The young couple appear to be in animated conversation as they walk together informally, and this is characteristic of late eighteenth-century figure groups that represent a transition from the porcelain sculptures tailored to the interests of the Dresden court before the Seven Year’s War of 1756-1763; a conflict that ruined the Saxon economy and limited the excesses of the Saxon ruling elite. Although French influence is evident in the piece, educated and affluent Germans were inclined to reject the court fashions associated with the ancien régime in favor of subjects that expressed more “natural” behavior. The professional and entrepreneurial middle class in German-speaking Europe enjoyed the products of expansion in the publishing world that brought new ideas, material products, and imaginative literature into their consciousness, and it was literature in particular that generated the cultivation of sensibility (Empfindsamkeit) through popular novels, journals, and conduct books. A “cult” that went too far in encouraging emotional extremes, according to contemporaries like Johann Wolfgang von Goethe, who in his youth had written the novel “The Sorrows of Young Werther” that expressed this extreme to great effect among the reading public. Sensibility was, nevertheless, a phenomenon that made a considerable impact on European culture.

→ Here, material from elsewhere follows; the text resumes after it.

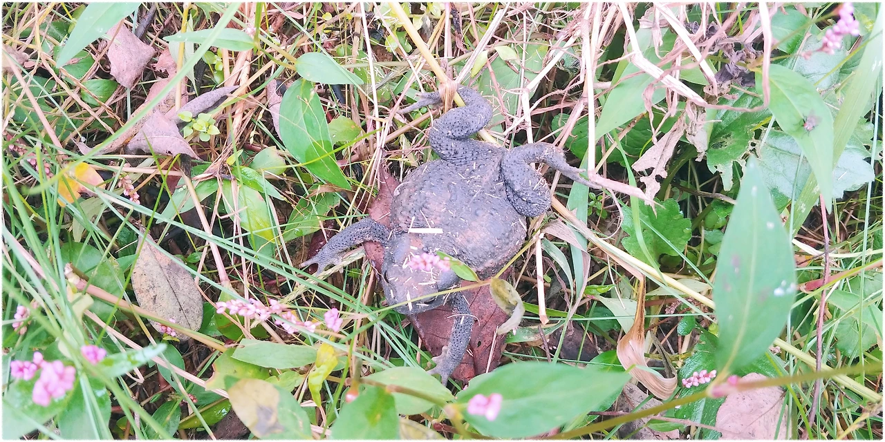 양서류로는, 두꺼비가 있다. 이 녀석은 단 한 번밖에 보지 못했다. 주차장 경계에 큰 플라스틱 화분을 두었는데, 그중 하나의 화분 아래 빈 공간에 있었다. 바둥대던 녀석을 쓰레받기에 잘 얹어 산으로 보내주었다. 도대체 왜, 어떻게 거기에 있게 되었는지 지금도 모르겠다. 구멍 난 항아리를 막아 콩쥐를 도와주었다는 두꺼비의 이야기가 왠지 이해가 되는 기분이다. 파충류가 나타나지 않는 걸 다행이라고 해야 할지.

The figures are possibly the work of Johann Joachim Kaendler, who died in 1775. Appointed to the Meissen modeling team after the Seven Years War, the French sculptor in porcelain Michel Victor Acier (1736-1799) introduced a style influenced by the work of French painter Jean-Baptiste Greuze; an artist criticized for overreaching sentimentality in his subjects.

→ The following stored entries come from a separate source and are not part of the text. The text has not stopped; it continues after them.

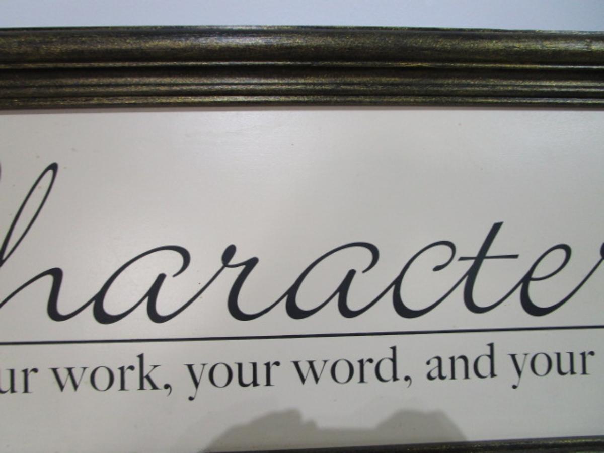 "Character, Be true to your work, your word, and your friends", 3' x 14"
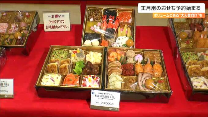 仙台市内の百貨店では、13日から、正月用のおせちの予約が始まりました。新型コロナ5類移行後、初めての正月で、気兼ねなく大人数で集まれるとして、ボリュームのあるおせちなどが揃っています。
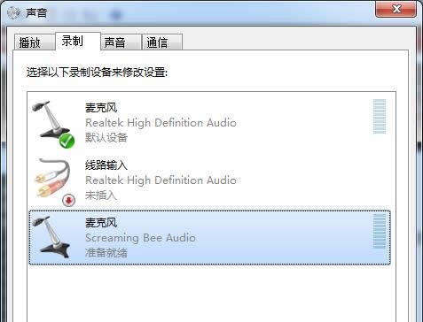 当然,如果你不在系统如此设置,也是可以的。在系统中把录音设备设为“Screaming Bee Audio”,可以让MorphVox的变声效果覆盖系统全局。

On the modeling and molding process still practiced today at Meissen see Alfred Ziffer, “‘…skillfully made ready for moulding…’ The Work of Johann Joachim Kaendler” in Pietsch, U., Banz, C., 2010, Triumph of the Blue Swords: Meissen Porcelain for Aristocracy and Bourgeoisie 1710-1815, pp.61-67.
On sensibility with reference to Britain see Barker Benfield, G.J., “Sensibility” in Iain McCalman, (general editor) 1999, An Oxford Companion to the Romantic Age, pp. 102-114; Cantorino, B. B., (ed.) 2005, German Literature of the Eighteenth Century: The Enlightenment and Sensibility.
Hans Syz, J. Jefferson Miller II, Rainer Rückert, 1979, Catalogue of the Hans Syz Collection: Meissen Porcelain and Hausmalerei, pp. 462-463.
Location
Currently not on view
Date made
ca 1750
date made
1774-1780
maker
Royal Porcelain Factory
place made
Deutschland: Sachsen, Meissen
Physical Description
blue (overall color)
polychrome (overall surface decoration color name)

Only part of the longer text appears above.